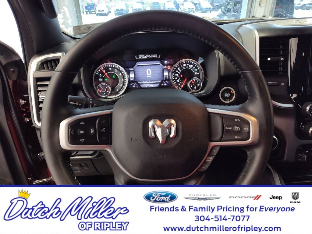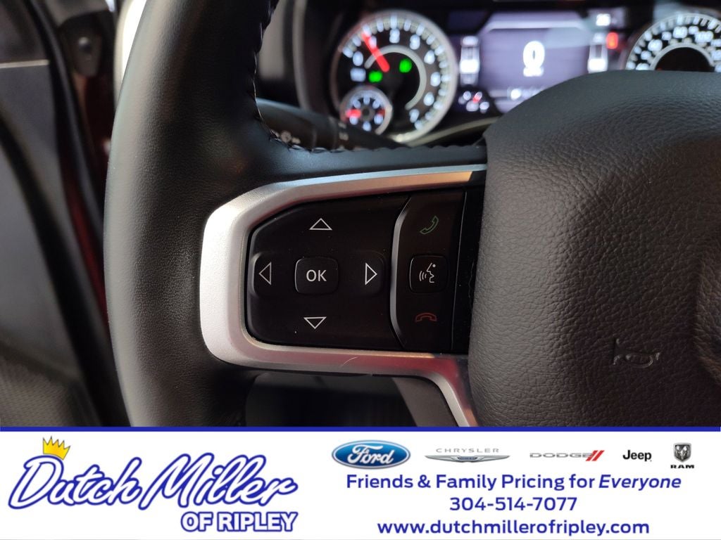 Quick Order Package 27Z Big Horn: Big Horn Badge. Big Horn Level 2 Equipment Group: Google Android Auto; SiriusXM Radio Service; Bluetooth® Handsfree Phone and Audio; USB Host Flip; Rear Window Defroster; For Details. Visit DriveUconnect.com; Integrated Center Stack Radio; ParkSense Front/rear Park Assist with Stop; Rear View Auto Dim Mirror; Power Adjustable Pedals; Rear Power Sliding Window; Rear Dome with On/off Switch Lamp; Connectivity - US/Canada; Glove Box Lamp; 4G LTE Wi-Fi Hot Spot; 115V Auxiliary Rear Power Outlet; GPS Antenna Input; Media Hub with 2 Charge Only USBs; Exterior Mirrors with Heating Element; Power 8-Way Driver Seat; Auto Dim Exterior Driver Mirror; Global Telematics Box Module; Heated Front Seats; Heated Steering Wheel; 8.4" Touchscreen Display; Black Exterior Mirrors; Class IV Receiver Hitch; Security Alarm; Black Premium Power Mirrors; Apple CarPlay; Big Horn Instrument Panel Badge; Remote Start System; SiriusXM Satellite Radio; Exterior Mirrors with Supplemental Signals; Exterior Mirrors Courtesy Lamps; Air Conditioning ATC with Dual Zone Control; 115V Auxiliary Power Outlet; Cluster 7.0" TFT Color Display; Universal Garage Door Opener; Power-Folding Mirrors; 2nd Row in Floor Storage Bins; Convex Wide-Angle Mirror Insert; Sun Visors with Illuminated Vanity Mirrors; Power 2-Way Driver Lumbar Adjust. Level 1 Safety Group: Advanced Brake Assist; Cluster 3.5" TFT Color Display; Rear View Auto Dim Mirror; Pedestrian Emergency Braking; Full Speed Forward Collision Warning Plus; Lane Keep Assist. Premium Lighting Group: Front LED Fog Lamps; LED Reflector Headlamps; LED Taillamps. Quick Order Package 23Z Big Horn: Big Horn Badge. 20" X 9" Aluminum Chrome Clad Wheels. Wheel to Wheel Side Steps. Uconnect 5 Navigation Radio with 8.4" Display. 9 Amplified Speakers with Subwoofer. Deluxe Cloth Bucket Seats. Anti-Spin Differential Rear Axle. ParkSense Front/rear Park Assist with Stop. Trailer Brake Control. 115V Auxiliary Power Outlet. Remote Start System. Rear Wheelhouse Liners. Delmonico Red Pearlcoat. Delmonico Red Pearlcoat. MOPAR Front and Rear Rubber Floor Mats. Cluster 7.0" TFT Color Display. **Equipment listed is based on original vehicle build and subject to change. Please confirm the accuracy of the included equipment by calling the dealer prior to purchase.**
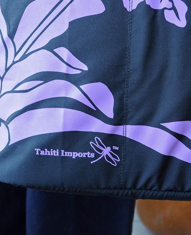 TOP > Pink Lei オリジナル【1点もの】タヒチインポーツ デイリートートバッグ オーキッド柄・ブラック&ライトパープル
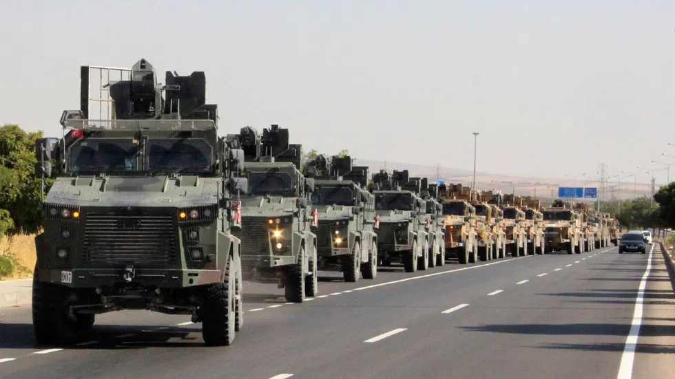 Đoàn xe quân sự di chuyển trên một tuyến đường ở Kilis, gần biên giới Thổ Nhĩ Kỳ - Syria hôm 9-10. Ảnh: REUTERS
--
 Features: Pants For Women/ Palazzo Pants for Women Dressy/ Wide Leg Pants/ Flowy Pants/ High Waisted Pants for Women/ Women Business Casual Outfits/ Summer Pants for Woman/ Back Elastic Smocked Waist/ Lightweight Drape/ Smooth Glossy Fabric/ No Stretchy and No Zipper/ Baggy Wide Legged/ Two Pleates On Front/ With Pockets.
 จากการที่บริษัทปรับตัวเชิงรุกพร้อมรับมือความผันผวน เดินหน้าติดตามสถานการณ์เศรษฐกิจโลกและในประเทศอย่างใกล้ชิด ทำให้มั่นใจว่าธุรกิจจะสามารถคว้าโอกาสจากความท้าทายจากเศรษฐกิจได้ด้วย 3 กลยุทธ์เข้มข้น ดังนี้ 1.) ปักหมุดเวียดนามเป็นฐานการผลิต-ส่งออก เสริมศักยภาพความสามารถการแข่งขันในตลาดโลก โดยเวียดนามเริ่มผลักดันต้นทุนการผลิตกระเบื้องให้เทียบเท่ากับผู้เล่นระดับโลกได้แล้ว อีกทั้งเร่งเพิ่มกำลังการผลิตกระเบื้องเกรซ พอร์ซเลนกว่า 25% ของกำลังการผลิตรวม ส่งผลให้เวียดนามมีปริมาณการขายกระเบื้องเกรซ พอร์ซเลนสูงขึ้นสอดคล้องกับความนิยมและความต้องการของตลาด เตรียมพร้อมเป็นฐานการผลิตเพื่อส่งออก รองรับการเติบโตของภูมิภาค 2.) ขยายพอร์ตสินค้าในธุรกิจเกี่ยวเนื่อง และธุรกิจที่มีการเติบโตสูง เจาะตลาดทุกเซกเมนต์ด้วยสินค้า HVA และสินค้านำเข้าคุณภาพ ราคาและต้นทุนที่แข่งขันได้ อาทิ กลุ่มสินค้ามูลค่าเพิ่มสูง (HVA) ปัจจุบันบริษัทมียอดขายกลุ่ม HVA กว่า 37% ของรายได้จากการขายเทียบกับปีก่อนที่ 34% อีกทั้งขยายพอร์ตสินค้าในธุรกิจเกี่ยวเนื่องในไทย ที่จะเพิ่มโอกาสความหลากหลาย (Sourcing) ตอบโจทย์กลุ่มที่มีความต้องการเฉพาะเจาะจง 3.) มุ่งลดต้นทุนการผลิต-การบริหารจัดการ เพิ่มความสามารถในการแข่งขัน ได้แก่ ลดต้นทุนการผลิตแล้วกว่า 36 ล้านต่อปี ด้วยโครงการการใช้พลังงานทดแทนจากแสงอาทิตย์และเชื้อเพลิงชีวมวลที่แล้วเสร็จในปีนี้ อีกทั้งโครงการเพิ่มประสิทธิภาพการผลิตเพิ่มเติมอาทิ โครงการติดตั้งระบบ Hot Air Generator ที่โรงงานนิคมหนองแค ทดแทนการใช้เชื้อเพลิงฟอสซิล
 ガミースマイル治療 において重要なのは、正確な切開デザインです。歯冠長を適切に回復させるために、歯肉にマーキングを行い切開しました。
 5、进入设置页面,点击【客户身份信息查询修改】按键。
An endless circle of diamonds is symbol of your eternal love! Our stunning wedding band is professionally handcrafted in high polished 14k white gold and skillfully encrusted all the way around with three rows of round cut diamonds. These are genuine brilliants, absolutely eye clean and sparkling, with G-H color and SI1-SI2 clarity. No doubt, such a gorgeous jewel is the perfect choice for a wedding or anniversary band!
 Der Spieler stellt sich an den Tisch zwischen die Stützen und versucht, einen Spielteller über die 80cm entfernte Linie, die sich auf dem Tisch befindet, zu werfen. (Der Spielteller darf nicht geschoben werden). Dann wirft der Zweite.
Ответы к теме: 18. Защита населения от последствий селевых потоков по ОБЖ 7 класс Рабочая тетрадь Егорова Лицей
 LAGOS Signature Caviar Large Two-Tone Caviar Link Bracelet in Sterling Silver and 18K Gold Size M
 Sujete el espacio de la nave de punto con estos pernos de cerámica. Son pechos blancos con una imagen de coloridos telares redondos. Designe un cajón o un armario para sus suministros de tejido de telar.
...
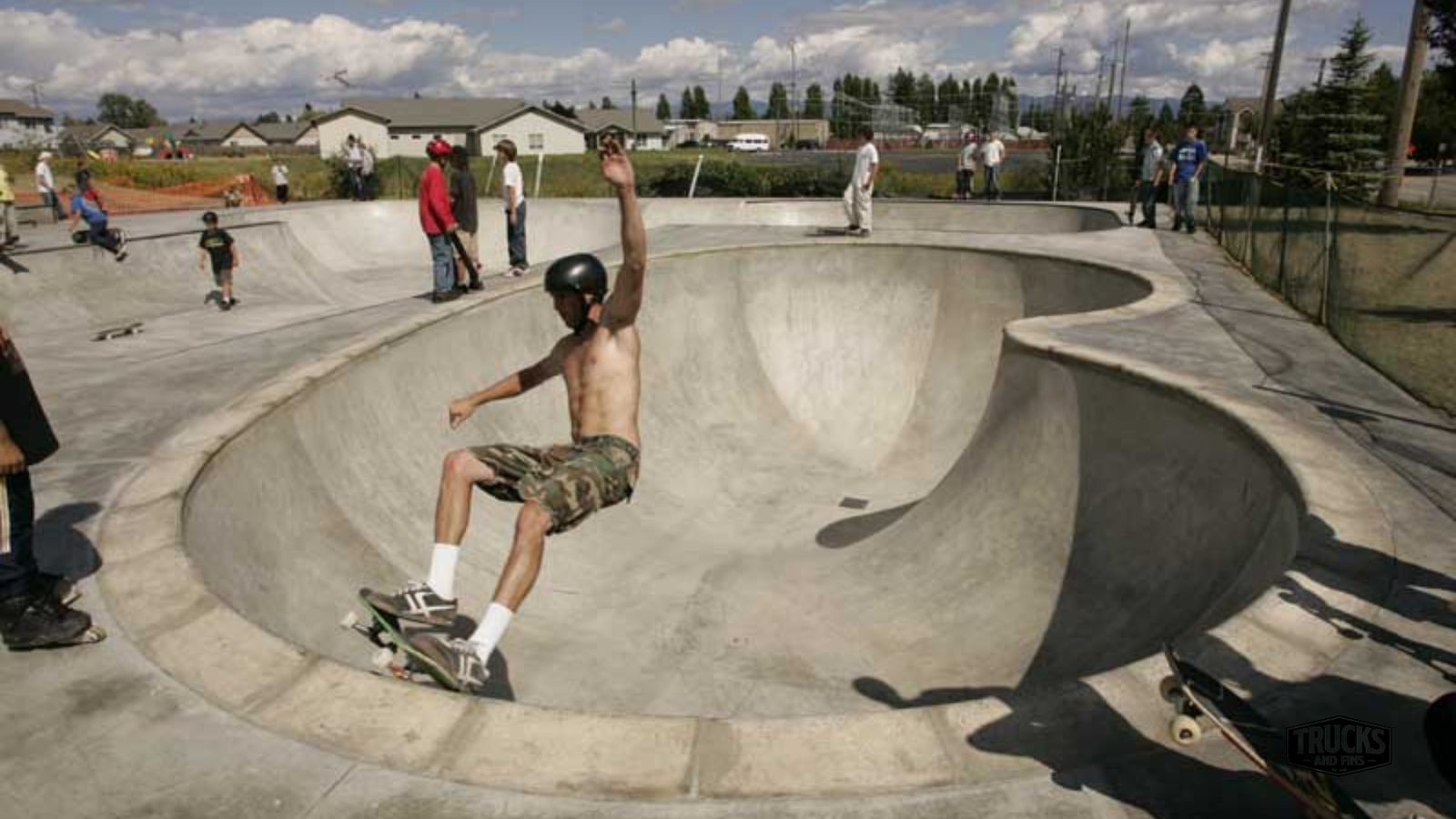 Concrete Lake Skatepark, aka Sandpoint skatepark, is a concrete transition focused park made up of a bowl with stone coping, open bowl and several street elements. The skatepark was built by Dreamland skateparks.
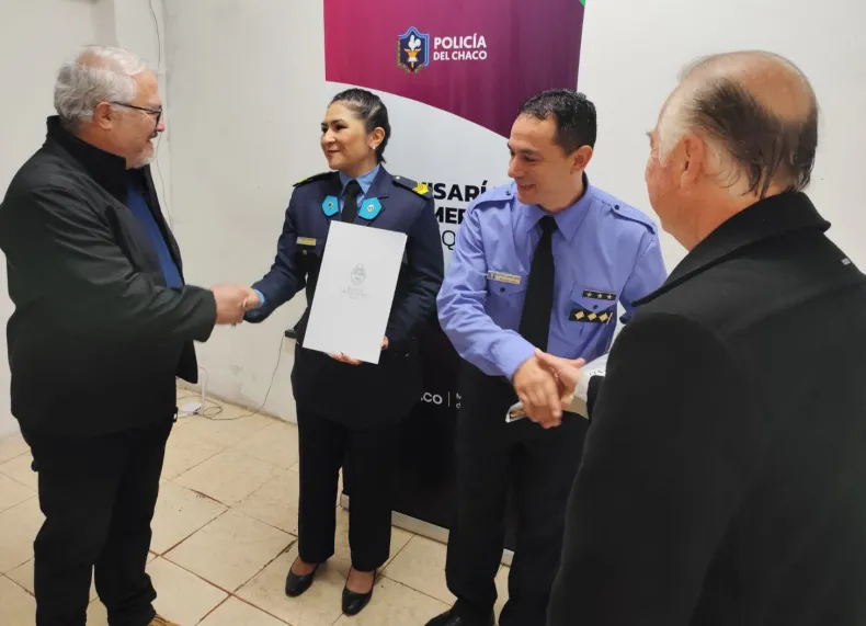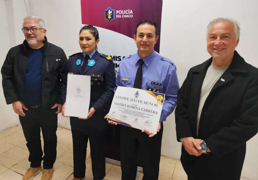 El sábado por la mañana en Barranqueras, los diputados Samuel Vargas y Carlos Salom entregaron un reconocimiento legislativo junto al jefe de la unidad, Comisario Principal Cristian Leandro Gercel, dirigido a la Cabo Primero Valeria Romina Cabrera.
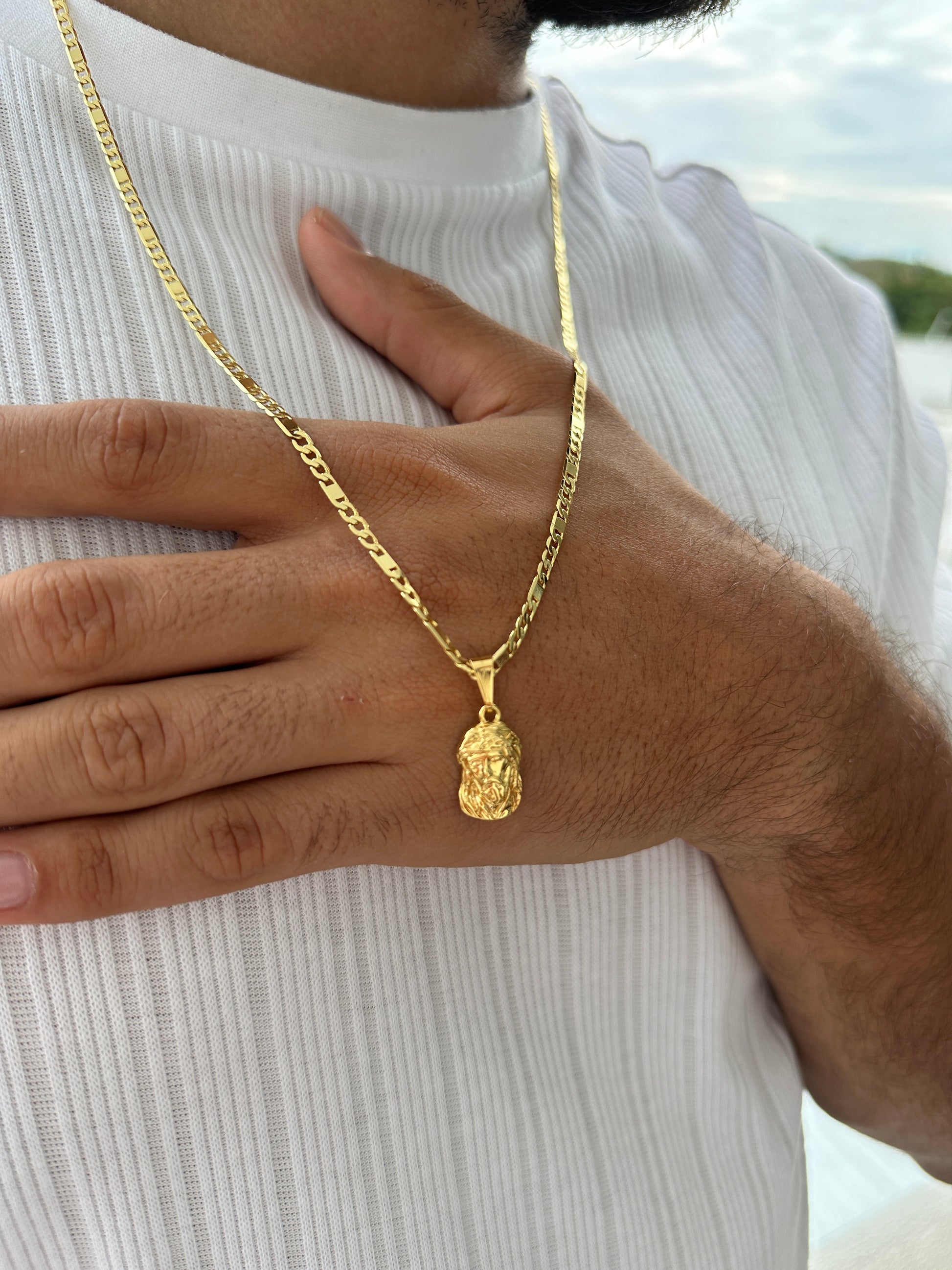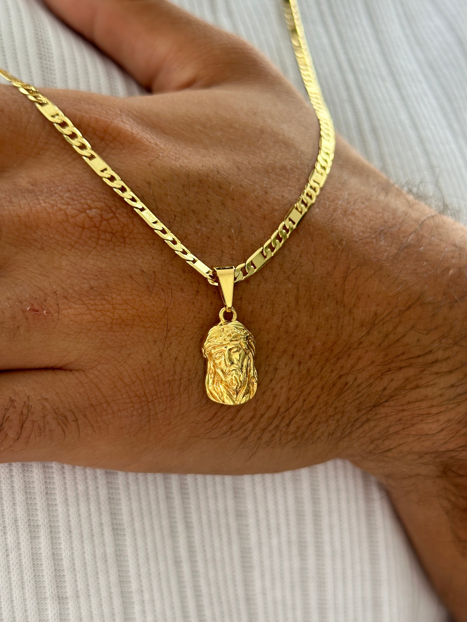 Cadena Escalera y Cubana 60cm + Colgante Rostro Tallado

• **WHAT YOU ARE ASKED TO DO**:
Please give an exact copy of the lines above, beginning with the line containing "ガミースマイル治療 において" and running through the line containing "5、进入设置页面,点击【客户身份信息查询修改】按键。", and of no other lines.

• **WRITTEN ANSWER**:
 ガミースマイル治療 において重要なのは、正確な切開デザインです。歯冠長を適切に回復させるために、歯肉にマーキングを行い切開しました。
 5、进入设置页面,点击【客户身份信息查询修改】按键。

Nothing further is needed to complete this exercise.